But locust wood is heavy, and that weight was the gate’s downfall, literally. For the past few years, the bottom scraped along the ground so that lifting the handle was necessary to open and close it. A five-foot span hinged at one end put too much stress on the wood.
I realized recently that the extra trouble of opening the gate and the possibility of it breaking was was limiting trips into the garden. And there’s little worse for a vegetable garden than a disincentive -- be it distance, too many weeds, or a gate that’s too hard to open -- to enter it.
That full five foot breadth was only necessary to let pass the occasional garden cart full of compost to spread over the beds. So why not, methinks, rebuild the gate with two half gates, one of which would be plenty wide for passing through for the almost daily planting, weeding, and/or harvesting. With less leverage, a half-width gate would experience little stress.

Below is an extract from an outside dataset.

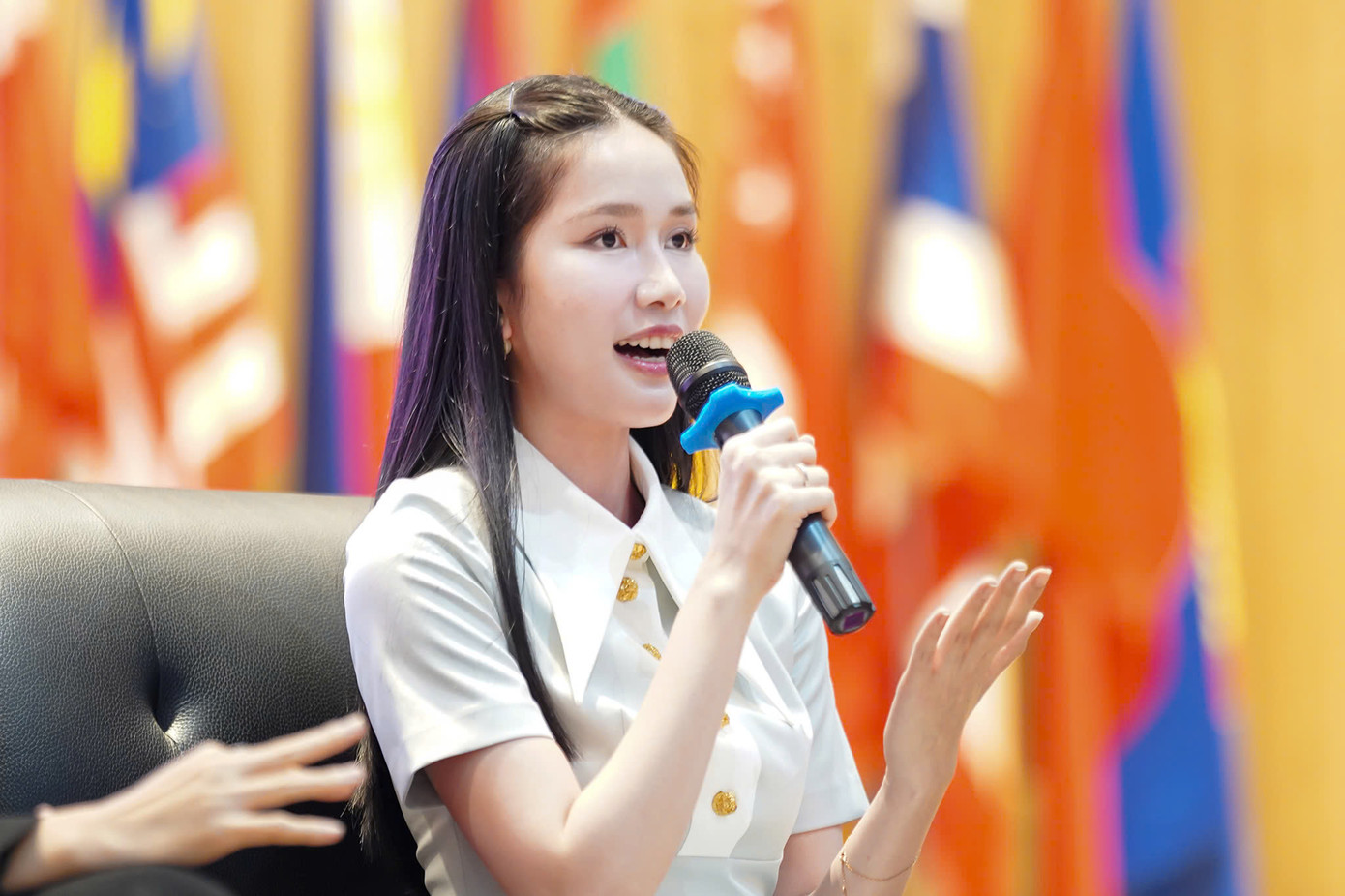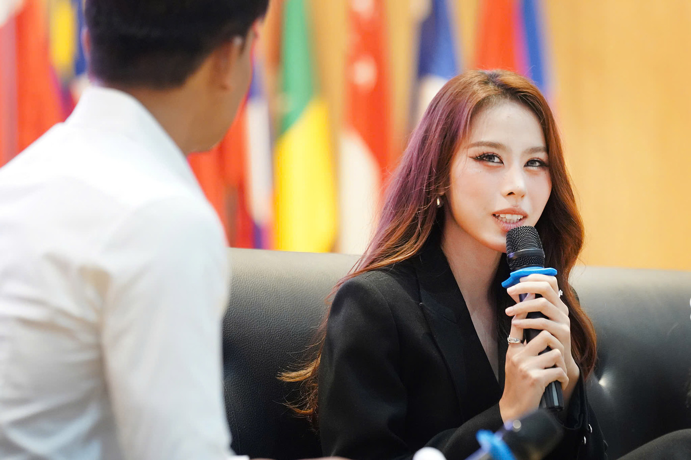 Trong buổi giao lưu, Á hậu Ngọc Hằng cho biết lúc ghi danh Hoa hậu Việt Nam cô mới 19 tuổi, vừa hoàn thành chương trình học cấp 3, chập chững bước vào đại học. Việc thi hoa hậu giúp cô trưởng thành, hoàn thiện mọi mặt.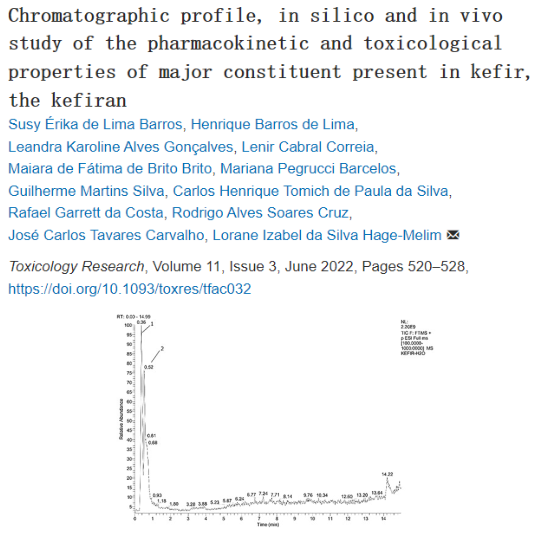 12. 通过指纹图谱,计算机模拟和体内实验研究开菲尔粒中主要成分开菲尔胞外多糖的药代动力学和毒理学特性

The locust branches of the old gate made it charming but slow to build. I built the new gate -- a temporary one -- out of 2 by 4s. A pintle sticking up into a hole in the bottom and a bolt sliding down through two parallel eye bolts and then into a hole in the top together make a sturdy, effective, and adjustable hinge, so each gate swings easily and, with a spring closure, shuts automatically.
Already, the garden beckons me. Beds have been layered with compost, weeds have been pulled, and today I’ll sow popcorn seeds. The only problem is that “temporary” building projects too often morph into things more permanent. Two compliments on the new gate have already started it down that road.